Here's some working syntax I've been using, though like any working syntax the exact symbols could be changed to something better later on. So first we have the tensor in it's entirety, which could be referred to with A. To specify things about the dimensions of the tensor we use a suffix like [pos:axis] where pos is the position along the axis, and axis specifies which axis we're referring to. For example, we could get a corner element from A by typing A[0:0][0:1][0:2]. Since most tensors will be of low order and their lowest axes will be accessed the most frequently, the :axis portion can be optional with the implicit dimension being 0 for the first one, then 1 for the second, 2 for the third, etc; thus simplifying that corner element to A[0][0][0]. [7]

So far so good. Now, what about our example of wanting to get a stack of plates from a cube (that is, a list of second-order tensors corresponding to the third-order tensor). Well, what if we use the normal syntax for specifying details about an axis, but leave off the position, as in A[:0]? That seems intuitive enough. Now, if we want just one of those slices instead of all of them we could use A[0] (or A[0:0]). Note the difference between this and the fully-qualified A[0][0][0]; the first returns a 2nd-order tensor, whereas the latter returns a 0th-order tensor; we could also do A[0][0] to return a 1st-order tensor. And if we wanted more than one slice but not all of them, we could use A[0,1] (or A[0,1:0]) to return the first and the second (but discard the third).

For convenience of programming, we can also take a note from Perl. In Perl, since the length of arrays is known, we can use negative indices to count from the end of a dimension of a tensor. So -1 would be the last element, -2 the next to last, etc. For statically allocated tensors this ability is trivial to add, but even for dynamically allocated ones it should not be too difficult to implement.

...

Enter my quandry. So we have this list-valence adverb, \, which changes our binary infix operator for addition, + and turns it into an n-ary prefix operator for the sum of a list, +\. [8] And we have this notion of slices which returns a list of lower order tensors.
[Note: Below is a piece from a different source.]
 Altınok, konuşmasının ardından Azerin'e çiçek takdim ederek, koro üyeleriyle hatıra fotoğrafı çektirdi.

So, if we had an array of numbers and wanted their sum, we could do something like +\ A[:0]. Or if we had a 2nd-order tensor and wanted to get a 1st-order tensor with the sums of the columns, we could do +\ A[:1] with the addition operator performing "straight-through" addition. (More on the issue of dot-products and tensor-products in a later essay.)
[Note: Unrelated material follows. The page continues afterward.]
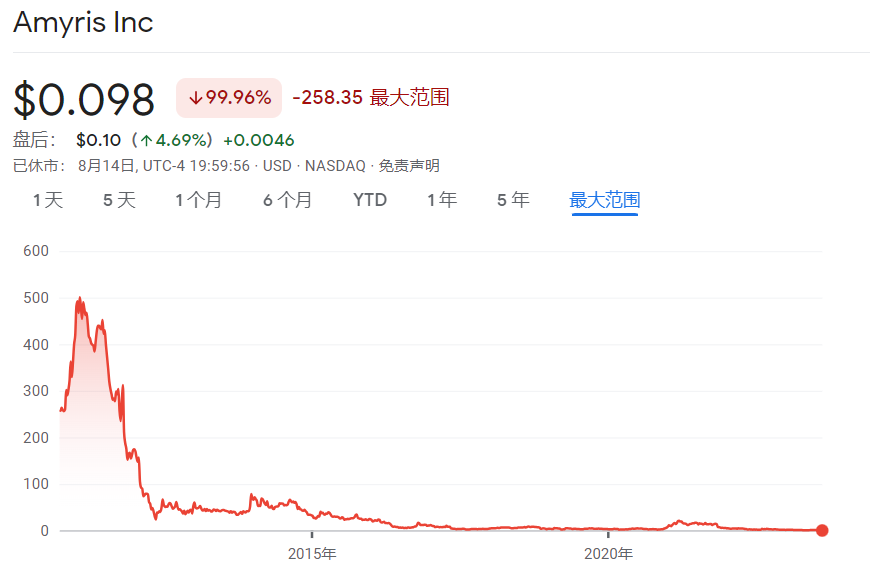 源自青蒿素研究的理想主义,Amyris将这种观念渗透到整个合成生物学领域,并且在选品方面出现了“失误”,整个团队选择了“法尼烯”,聚焦生物燃料赛道,经过经过两三年的商业实践,最终还是失败了,股价也从高峰期2011年的500美元左右/股跌落到2012年30美元左右/股。

Now, at a first glance, a list isn't anything different than an array, and so shouldn't be any different than an axis in a tensor. Conceptually that's a very elegant idea, and in my minimalistic mindset I like it. However, there are some problems it raises. We introduced the list-valence adverb to simplify getting the sum (or product, or...) of a number of elements, both to improve parallelism and optimization, but also for easing clarity and code maintenance. So what if we wanted to do that column sum for a large number of tensors? We can't just do +\ A[:1], B[:1],... since that would give us the sum of the whole list (that is, lists are flat). We could use a sequence of +\ A[:1], +\ B[:1], etc or put it in a loop, but that's disgustingly kludgey. Maybe we could introduce a new slicewise adverb so we could do +:1 A, B,... to return a list of the 1st-order tensors.
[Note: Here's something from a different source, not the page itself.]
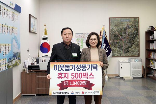 ㈔한마음장애인복지회가 어려운 이웃에게 전달해 달라며 14일 성남시에 1040만원 상당의 휴지 500상자를 기탁했다.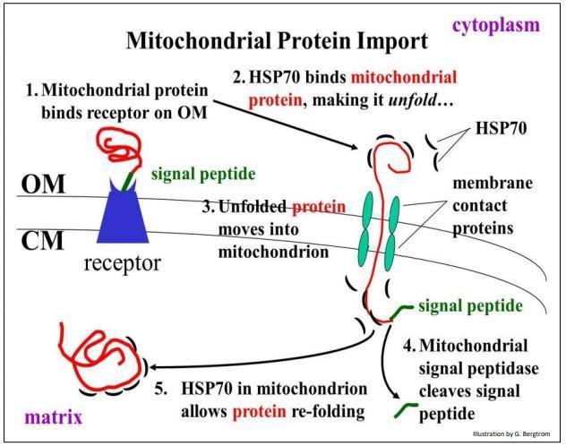 For the protein to cross through this translocation channel, it must be unfolded, or linearized, during import and then refolded upon entry into the mitochondria. But there is a problem: the folded protein cannot cross the membrane by itself! The entry of a fully translated mitochondrial protein from the cytoplasm requires a so-called chaperone protein, in this case, the HSP70 (heat-shock 70) protein. HSP70 controls unfolding of the mitochondrial protein as it passes into the mitochondrial matrix. Upon removal of the signal peptide by a mitochondrial signal peptidase, another HSP70 molecule resident in the mitochondrion facilitates refolding of the protein into a biologically active shape.

But if a list is the same thing as a tensor's dimension, then the list-valence adverb is really just turns a binary operation which takes kth-order tensors into a unary operator which takes a single (k+1)th-order tensor with the new axis having a dimension equal to the length of the list. If that's the case, then the list-valence adverb is nearly identical to this new adverb. But that also throws off which number we use to refer to which axis, and what number do we use for the list axis? Zero and positive numbers are taken for indices, and the negatives are used for the convenient count-from-the-end indices so we can't use them either.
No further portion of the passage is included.